▶ _Task goal_: Give the data again exactly as written, without any of its pictures.

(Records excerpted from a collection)

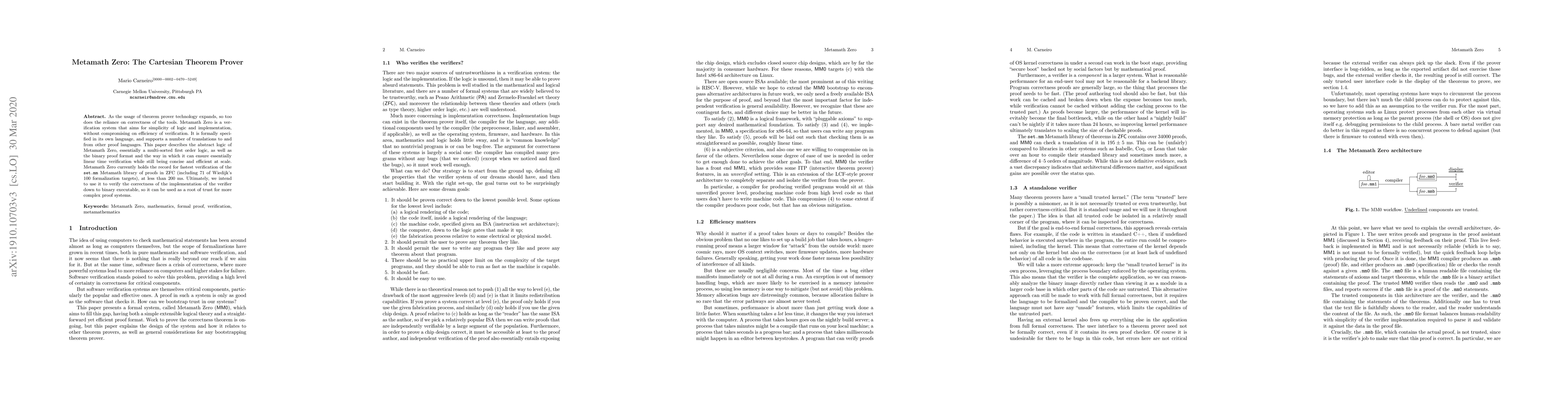 Metamath Zero is a simple yet efficient theorem prover based on multi-sorted first order logic, achieving record-breaking fast verification times for the $\mathtt{set.mm}$ library. It aims to serve as a root of trust for complex proof systems by verifying its own implementation correctness.
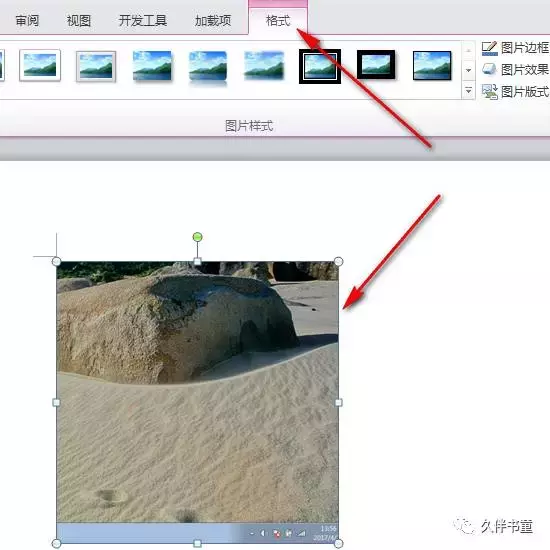 然后我们用鼠标点击一下图片,然后找到上边的“格式”菜单。
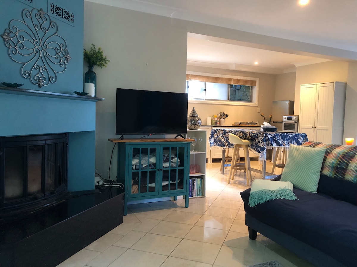 Relax in the privacy of the studio with full kitchen, luxurious queen bed with premium linen, stylish bathroom with quality towels and toiletries provided. The living area, opening to a courtyard, has a 50inch smart TV and comfy leather lounge. WiFi is free. A gas heater quickly heats the space and air-con provides extra comfort. It's a short 5 min walk to the Blue Mile walkway and the Novotel, cafes, beach and CBD or catch the free bus to WIN Stadium, UOW and Hospital.
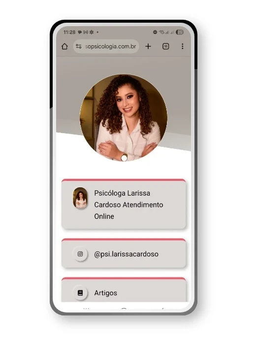 A experiência "bio links" pode ser entendida como um site simples que traz um mapa, como um menu. Nesta página, o profissional pode criar vários caminhos - como botões - como no exemplo da psicóloga Larissa Cardoso. Saiba mais sobre A relação entre o 'link da bio' do Instagram e sua página de destino.
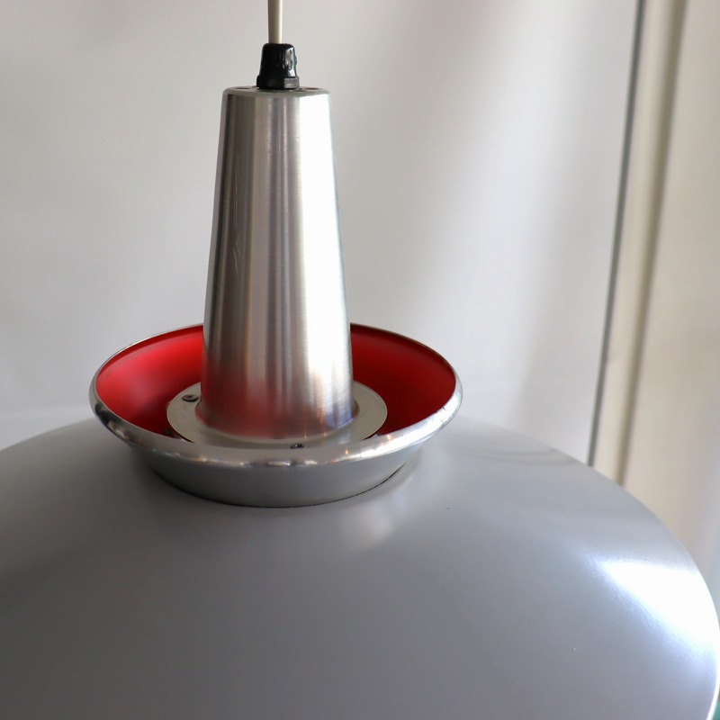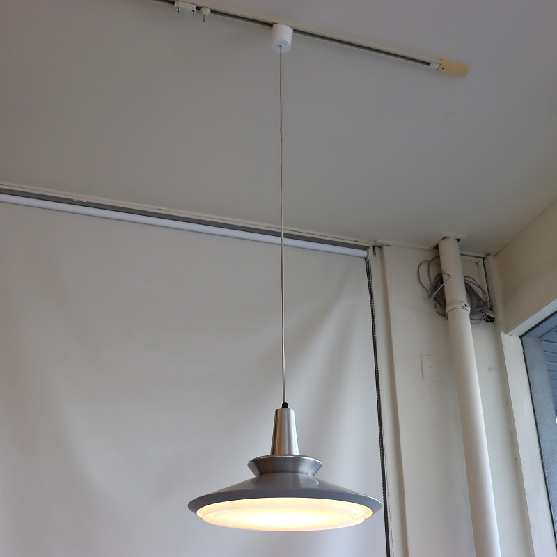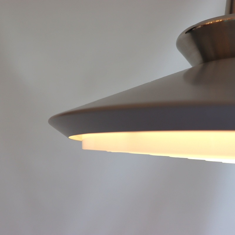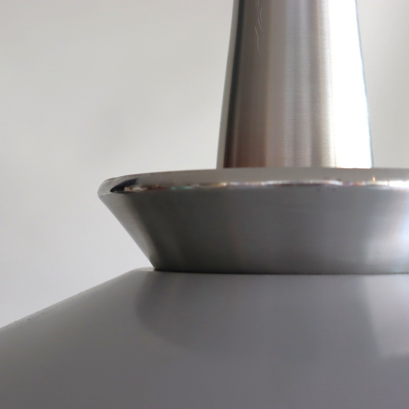 裾へ広がるシルエットが美しく、北欧デザインらしいシンプルかつ美しい凛とした佇まい。シェード下部はライト紫がかったライトグレー、上部はシルバーです。
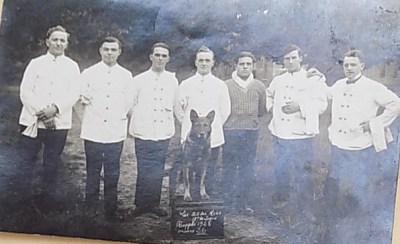 Il faut que je vous présente ce collègue, un berger qui travaillait avec « Les as du Mess Rappelé 1928 ». Louis LIBERT, grand-père de ma maitresse y faisait son régiment. Je peux dire que ce bon chien goûtait plein de restants de plats. Quelques fois un bout de saucisse, lui était spécialement destiné. Visiblement, il a une place d’honneur dans cette équipe, il a même un podium ! Nous ne connaissons pas ses origines.
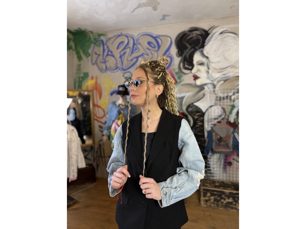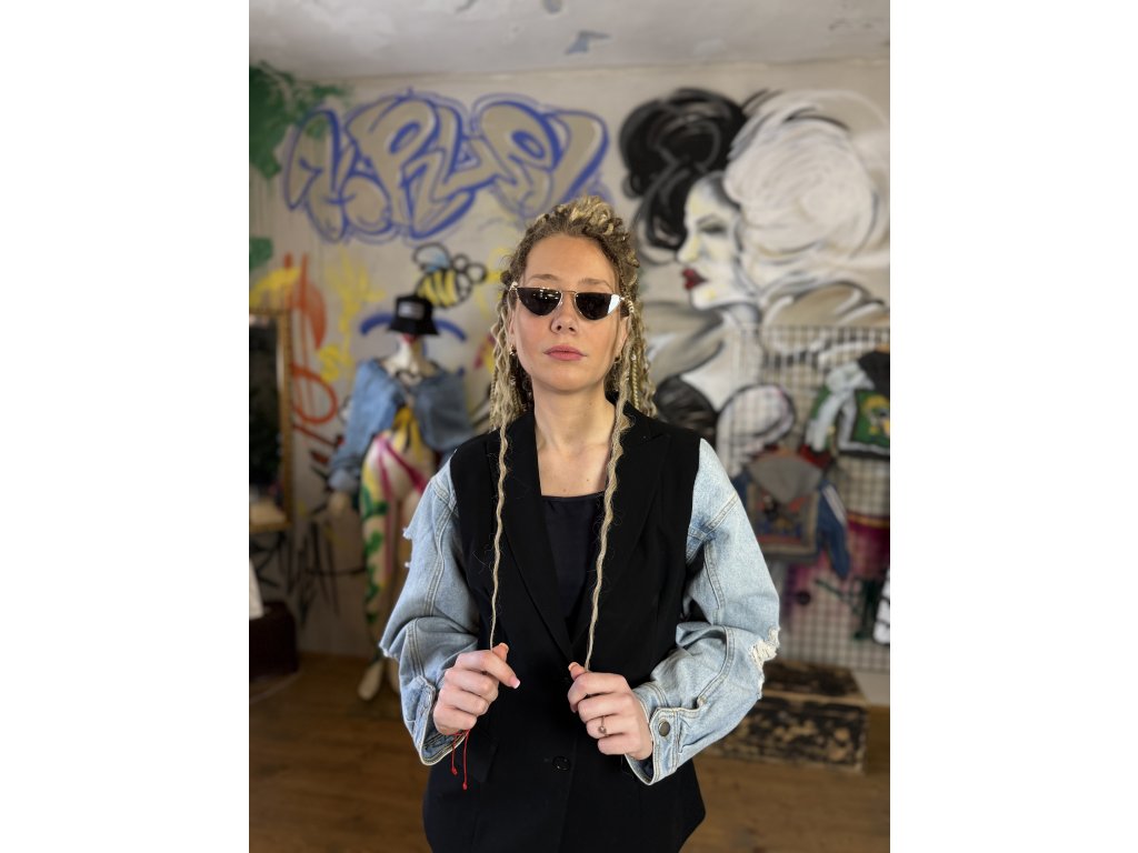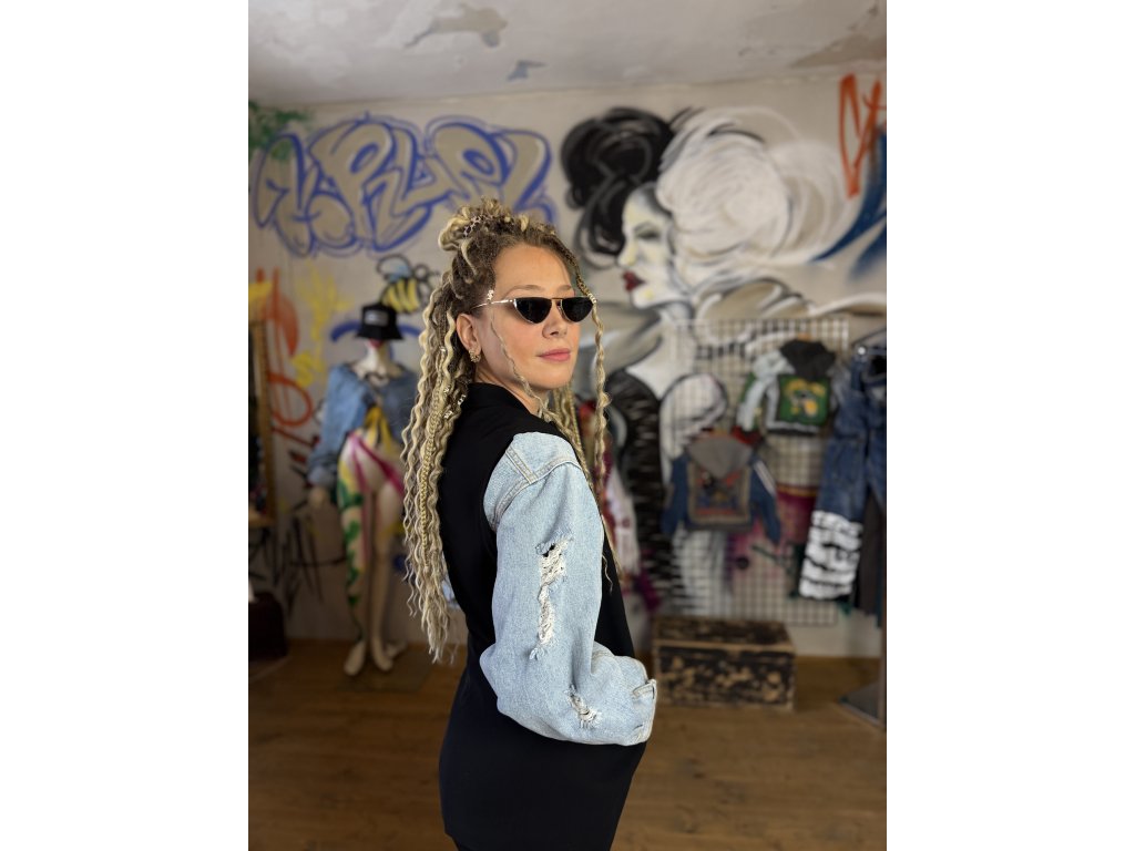 Toto pánske sako vzniklo kreatívnou upcykláciou viacerých kúskov oblečenia. Rukávy sú použité z rifľovej bundy, čo dodáva klasickému strihu saka originálny a nadčasový charakter. Kombinácia materiálov vytvára jedinečný kontrast a hravý detail.
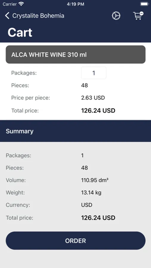 The Crystalite Bohemia application is used to view the product catalog, including photos.
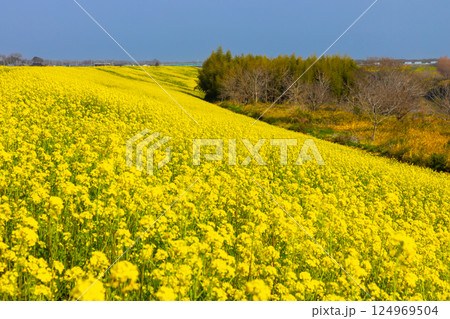 埼玉県川越市古谷上 荒川入間川沿い堤防土手に広がる菜の花畑の景色
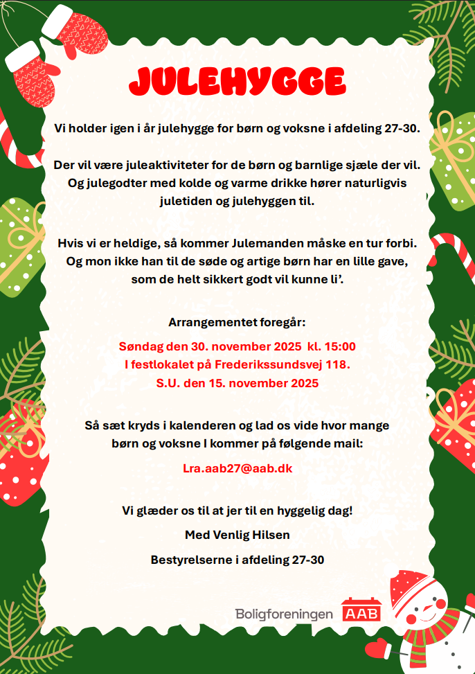 Vi ser frem til julearrangementet d. 30. november, hvor vi sammen med vores naboer i afdeling 27 mødes til julegodter og varme drikke ☕🎅🎄
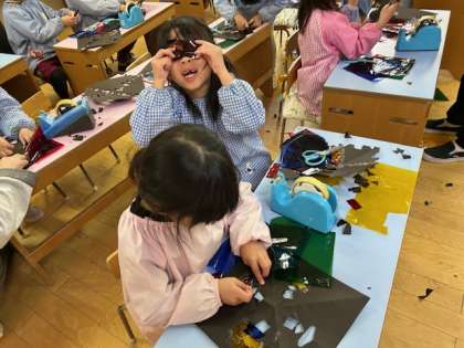 作ったり遊んだりしながら、少しずつステンドグラスになっていきました。セロハンの特性も知り、色を重ねると「真っ暗になる」と言っていました。
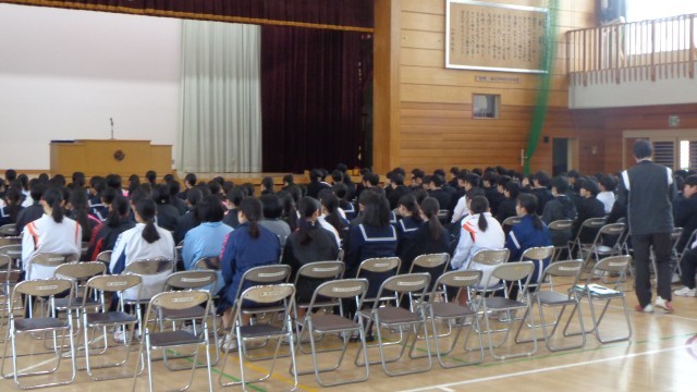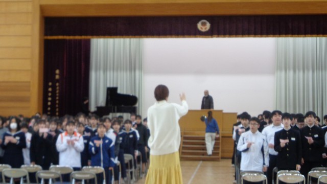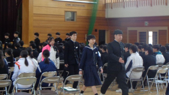 式の全体の流れを確認し、礼や入退場、詩の練習に励んでいました。
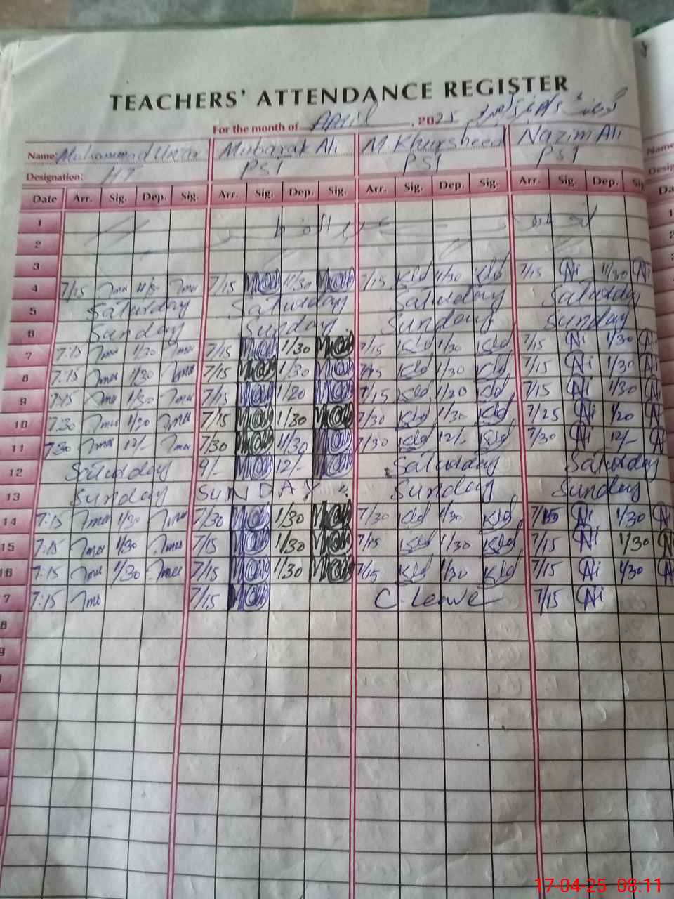 | CNIC | Full Name | Designation | R/C | Absence During Last Calender Month |
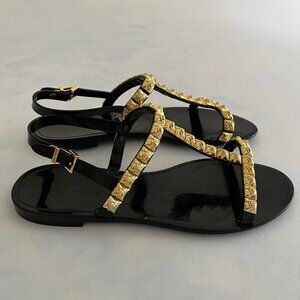 -Details: Jelly sandals detailed with golden metal rose-shaped studs and adjustable ankle strap, in excellent like-new condition (worn 1x), comfortable and easy to walk in

▶ _Finished task_:
 Metamath Zero is a simple yet efficient theorem prover based on multi-sorted first order logic, achieving record-breaking fast verification times for the $\mathtt{set.mm}$ library. It aims to serve as a root of trust for complex proof systems by verifying its own implementation correctness.
 然后我们用鼠标点击一下图片,然后找到上边的“格式”菜单。
 Relax in the privacy of the studio with full kitchen, luxurious queen bed with premium linen, stylish bathroom with quality towels and toiletries provided. The living area, opening to a courtyard, has a 50inch smart TV and comfy leather lounge. WiFi is free. A gas heater quickly heats the space and air-con provides extra comfort. It's a short 5 min walk to the Blue Mile walkway and the Novotel, cafes, beach and CBD or catch the free bus to WIN Stadium, UOW and Hospital.
 A experiência "bio links" pode ser entendida como um site simples que traz um mapa, como um menu. Nesta página, o profissional pode criar vários caminhos - como botões - como no exemplo da psicóloga Larissa Cardoso. Saiba mais sobre A relação entre o 'link da bio' do Instagram e sua página de destino.
 裾へ広がるシルエットが美しく、北欧デザインらしいシンプルかつ美しい凛とした佇まい。シェード下部はライト紫がかったライトグレー、上部はシルバーです。
 Il faut que je vous présente ce collègue, un berger qui travaillait avec « Les as du Mess Rappelé 1928 ». Louis LIBERT, grand-père de ma maitresse y faisait son régiment. Je peux dire que ce bon chien goûtait plein de restants de plats. Quelques fois un bout de saucisse, lui était spécialement destiné. Visiblement, il a une place d’honneur dans cette équipe, il a même un podium ! Nous ne connaissons pas ses origines.
 Toto pánske sako vzniklo kreatívnou upcykláciou viacerých kúskov oblečenia. Rukávy sú použité z rifľovej bundy, čo dodáva klasickému strihu saka originálny a nadčasový charakter. Kombinácia materiálov vytvára jedinečný kontrast a hravý detail.
 The Crystalite Bohemia application is used to view the product catalog, including photos.
 埼玉県川越市古谷上 荒川入間川沿い堤防土手に広がる菜の花畑の景色
 Vi ser frem til julearrangementet d. 30. november, hvor vi sammen med vores naboer i afdeling 27 mødes til julegodter og varme drikke ☕🎅🎄
 作ったり遊んだりしながら、少しずつステンドグラスになっていきました。セロハンの特性も知り、色を重ねると「真っ暗になる」と言っていました。
 式の全体の流れを確認し、礼や入退場、詩の練習に励んでいました。
 | CNIC | Full Name | Designation | R/C | Absence During Last Calender Month |
 -Details: Jelly sandals detailed with golden metal rose-shaped studs and adjustable ankle strap, in excellent like-new condition (worn 1x), comfortable and easy to walk in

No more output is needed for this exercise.